Alternative fats have become a focal point for planet-friendly food and personal care companies. They address consumers’ biggest pain point for meat and dairy alternatives, namely, inferior taste and texture, and allow beauty companies to shift away from unsustainable supply chains.
Animal-derived fats are sourced from an industry that accounts for up to a fifth of all global emissions, while using up most of the world’s farmland and freshwater resources. Tropical plant-based fats like palm oil are linked to large-scale tropical deforestation, wildfires, and threats to Indigenous populations and wildlife.
Within the EU, the upcoming deforestation regulation will ban the import of products with deforestation-linked palm oil, with manufacturers facing fines of up to 4% of their global turnover if they violate the rule.
It’s why a host of companies are creating alternatives to these unsustainable fats, both for the food and personal care categories. These include Nourish Ingredients, NoPalm Ingredients, Clean Food Group, Äio, Lypid, Time-Travelling Milkman, Terra Oleo, and Fattastic, among others.

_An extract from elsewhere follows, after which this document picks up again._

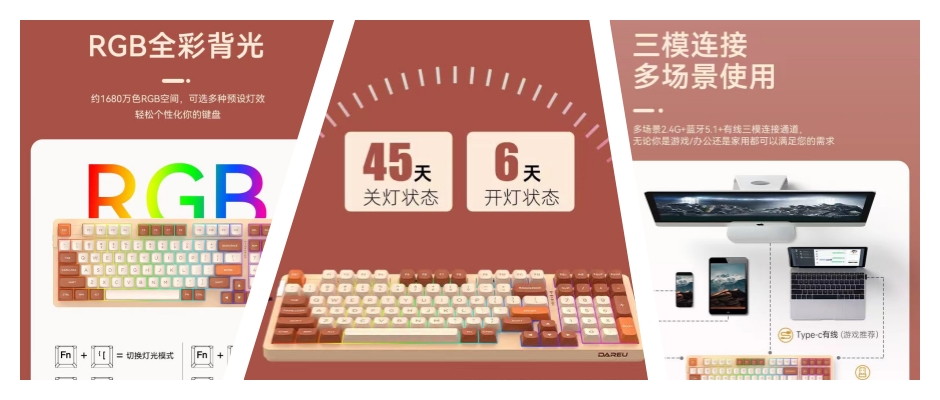 三模连接,内置锂电,热轴插拔,RGB灯光

“Fats sit at the intersection of large market demand and clear unmet needs. Many industries are looking for more stable, sustainable, and locally produced fat supplies, as well as improved functionality that conventional fats can’t always deliver,” Krivoruchko explained.
“On top of that, fats serve multiple sectors, from personal care to food to industrial uses, so the category is less exposed to the volatility seen in areas like alternative proteins. This combination of scale, necessity, and versatility is driving both interest and investment [into the category].”
“We’re entering a new era where fats and lipids are no longer seen as commodities alone, but also as precision ingredients that can drive performance, improve health, and support sustainability,” added Thomas Cresswell, its chief business officer.”
Melt&Marble is among several alternative fat startups that have attracted funding in recent months. Dutch player Time-Travelling Milkman raised $2.3M for its sunflower-seed-based oleosomes, and Singapore’s Terra Oleo secured $3.1M to scale up its waste-derived precision-fermented palm oil and cocoa butter substitutes.